→ **REQUIRED WORK**: Copy the material below verbatim from the line with "В одном маленьком" to the line with "A simple minimalist", both lines included, omitting pictures and every line outside that range.

→ **SOURCE DATA**:
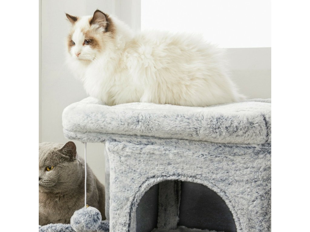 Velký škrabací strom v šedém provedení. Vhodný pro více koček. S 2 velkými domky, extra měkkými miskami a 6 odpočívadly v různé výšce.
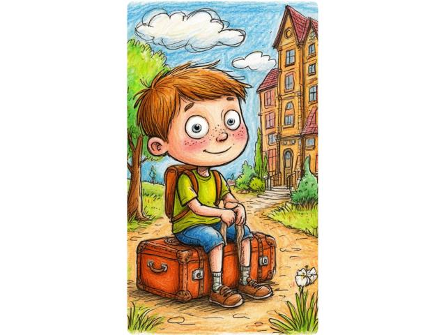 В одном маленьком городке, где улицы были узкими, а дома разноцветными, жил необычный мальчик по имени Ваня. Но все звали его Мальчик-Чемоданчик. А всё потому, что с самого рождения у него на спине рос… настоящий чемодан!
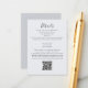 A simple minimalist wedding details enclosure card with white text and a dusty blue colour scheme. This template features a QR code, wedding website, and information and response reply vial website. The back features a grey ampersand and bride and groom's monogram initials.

--

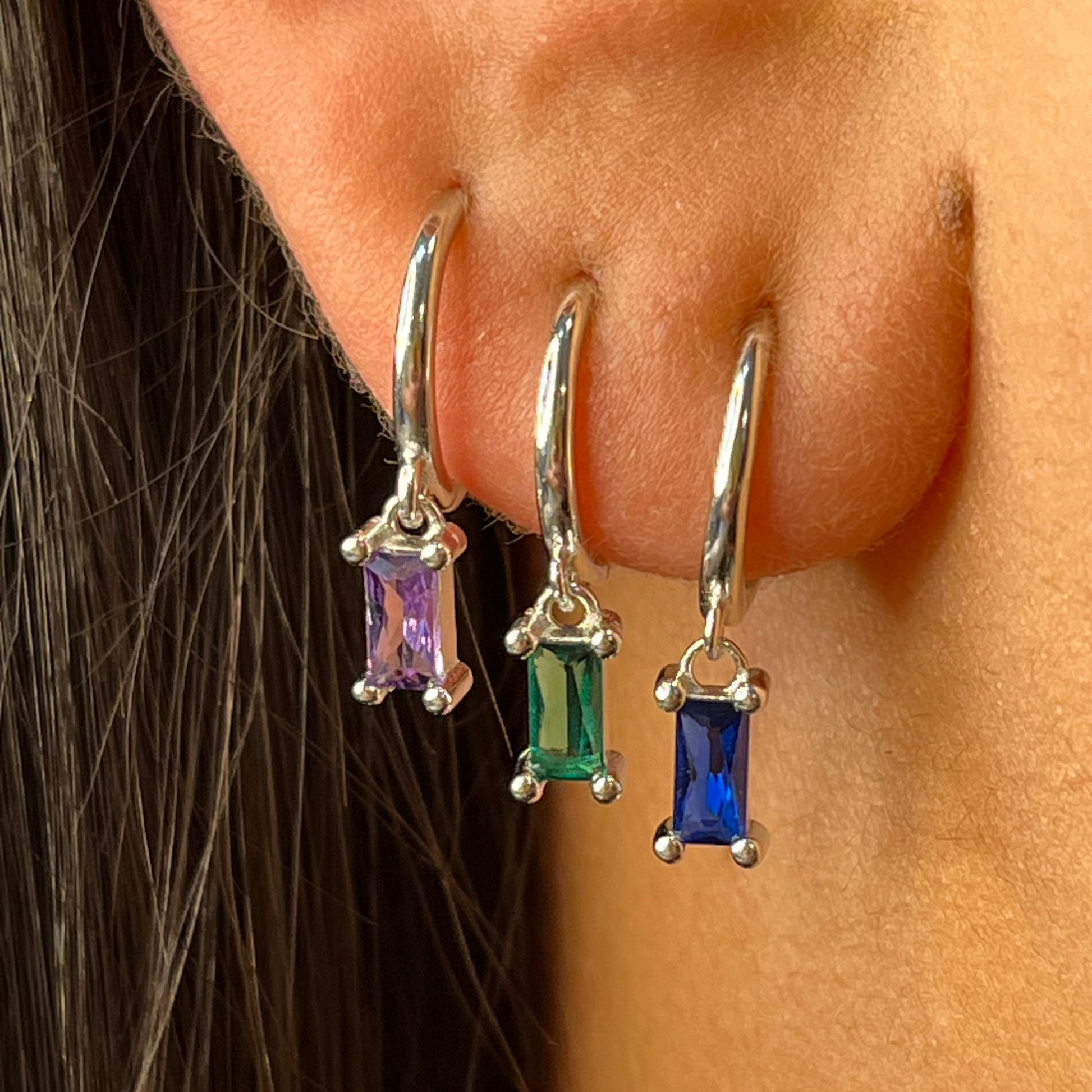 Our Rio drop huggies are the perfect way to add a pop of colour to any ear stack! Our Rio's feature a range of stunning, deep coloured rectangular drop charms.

→ **ANSWER SPACE**:
 В одном маленьком городке, где улицы были узкими, а дома разноцветными, жил необычный мальчик по имени Ваня. Но все звали его Мальчик-Чемоданчик. А всё потому, что с самого рождения у него на спине рос… настоящий чемодан!
 A simple minimalist wedding details enclosure card with white text and a dusty blue colour scheme. This template features a QR code, wedding website, and information and response reply vial website. The back features a grey ampersand and bride and groom's monogram initials.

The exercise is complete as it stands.